No Público, o panfleto de Esquerda melhor disfarçado de jornal, a nossa já conhecida Faranaz Keshavjee parece ter camarote cativo. Em Agosto passado, esta alegada e auto-intitulada “portuguesíssima de gema“, muçulmana, fazia a defesa da inocência do Islão, no terrorismo muçulmano (Bin Laden deve ser budista, claro…) considerando o racismo dos europeus como a razão criadora desse terrorismo. Colocava também condições para apoiar o combate ao “terrorismo praticado por muçulmanos” (sic), dizendo ser contra “TODAS as formas de terror e de violência, incluindo (…) aquelas que sucedem todos os dias no Iraque pelas próprias ‘forças da paz’ (…) em favor da imposição de um modelo de democracia importado por realidades onde a pena de morte e outras aberrações sociais e políticas prevalecem, como é o caso dos EUA.”
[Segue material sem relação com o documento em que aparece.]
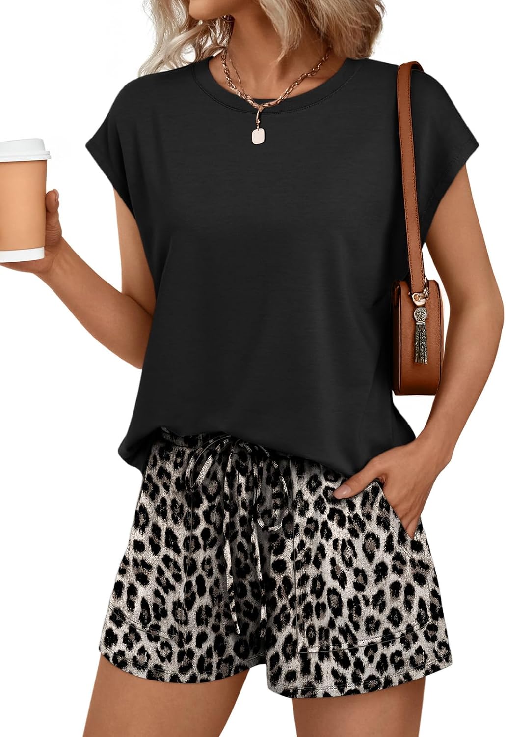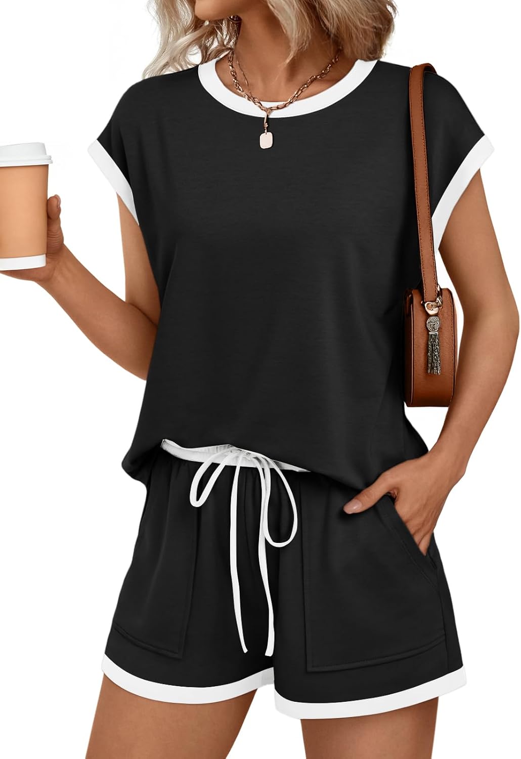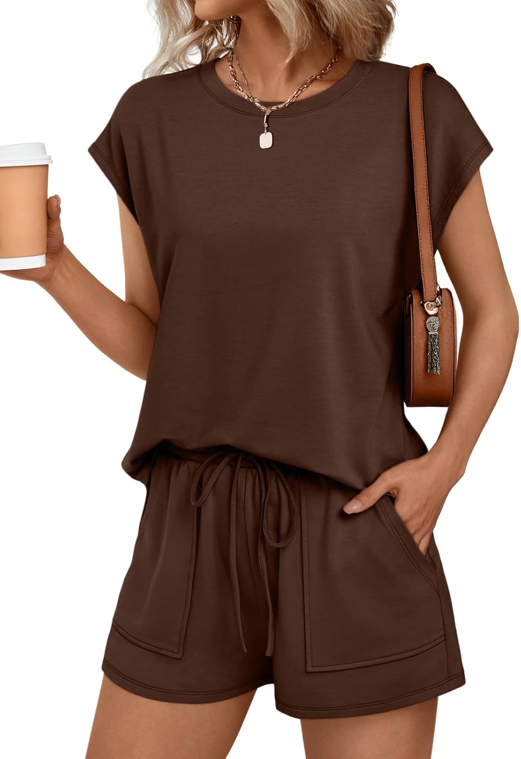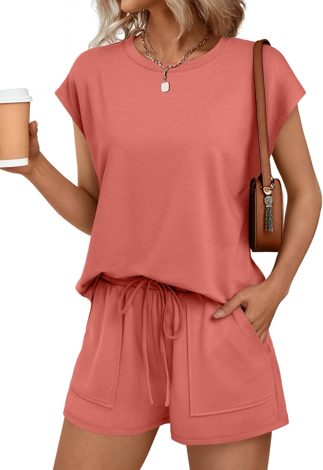 AUTOMET Womens Crew Neck Two Piece Short Sets Cap Sleeve Drawstring Summer Sweatsuit with Pocket

Ontem, dia 18 de Setembro, Faranaz Keshavjee enche uma página de raciocínios tortuosos, começando por elogiar o discurso de Bento XVI (“uma boa lição de teologia”). Lamenta que as reacções do seus irmãos muçulmanos “estejam a tocar o plano da irracionalidade”. Mas a seguir acusa o Papa de ser um ignorante, quanto ao Islão, de ter falado dos outros, ignorando “os erros da sua própria religião” e salienta que “não foi Jesus que criou o mal que paira hoje, por mãos dos ocidentais cristãos europeus e americanos, entre Israelitas e Palestinianos”. Quase no final, revela-se no seu mais íntimo pensar:”É preciso ter cuidado com aquilo que dizemos”. Fica aqui o aviso. O discurso dos não-muçulmanos tem que ser auto-censurado, à luz dos critérios dos muçulmanos, para ser admissível. A nossa liberdade termina onde começa o primitivismo islamita.
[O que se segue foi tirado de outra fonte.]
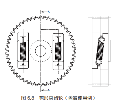 將分為兩半的齒輪利用彈簧等外力與另一個齒輪的輪齒夾緊,以去除輪齒間側(cè)隙。圖6.8示意了其構(gòu)造圖。

Mas no Público de hoje tropecei com mais referências ao discurso de Ratisbona. Teresa de Sousa embrulha-se pela Europa, mais a Turquia e o Papa, desanca no Sumo Pontífice e, depois de uma série de cambalhotas e flique-flaques – ginástica pouco própria para a sua idade – desagua numa conclusão patética: “A Turquia tem lugar na Europa porque o projecto de integração europeia assenta na comunhão dos mesmos valores políticos da democracia, na mesma crença na universalidade dos direitos humanos, na liberdade e na tolerância. Independentemente da religião, ou da etnia ou da nacionalidade”.
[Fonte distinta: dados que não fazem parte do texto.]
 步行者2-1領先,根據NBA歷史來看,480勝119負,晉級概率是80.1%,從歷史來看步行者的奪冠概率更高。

Perco o fôlego, de espanto, perante esta descrição de uma comunhão de identidades entre a Turquia e a Europa que nem os próprios turcos reconhecem. Com argumentos deste calibre, Teresa de Sousa conseguirá justificar a adesão da Papua Nova-Guiné à União Europeia e a integração do Burkina-Faso na Federação Russa.

Na coluna ao lado, José Vítor Malheiros, um “dhimmista” típico, chapado, desenhado ao pormenor, com direito a diploma, brasão e carimbo, fala de um “papa calculistamente incendiário”, diz que Bento XVI perdeu autoridade, dá a pincelada do costume para aplacar a consciência (“a reacção de uma parte do mundo muçulmano (…) não é de forma algum admissível”) e faz a espargata final: “É importante ter em conta, por outro lado, que, em nome da firmeza, não se pode pôr de lado a acção política e deixar de tentar compreender o fenómeno do terrorismo para erradicar as suas causas e para dissolver a base de recrutamento dos terroristas”. Só lhe falta babar-se para ser confundido com o pobre do Mário Soares e os seus patéticos apelos à negociação com a Al-Qaeda.

Mas é curioso. Esta gentalha, sempre disposta a compreender assassinos do mais baixo calibre e a contribuir para erradicar pacificamente e cobardemente as causas do seu extremismo – desde que sejam muçulmanos – recusa-se a mostrar a mesma tolerância em relação aos nazis, fascistas e skinheads. Não percebo porquê. Será que o José Vitor Malheiros não entende que não se pode pôr de lado a acção política e deixar de tentar compreender o fenómeno dos skinheads, para erradicar as suas causas e para dissolver a base de recrutamento dos extremistas?

No meio de tudo isto, o presidente iraniano revelou-se o mais inteligente de todos os muçulmanos, ao afirmar tranquilamente que não via nada de especial no discurso do Papa. A generalidade dos seguidores de Alá mostrou aquilo que são: fanáticos que pretendem impôr as suas regras ao resto do mundo e que, à mínima discordância, desatam aos gritos de “Mata!Mata!”, a espuma a escorrer dos lábios. Com o apoio de gente como a Teresa de Sousa, o José Vítor Malheiros e a Faranaz Keshavjee – uma raça nascida para agradar a quem os ameaça, atacar a quem os protege e envergonhar a quem os tem como compatriotas.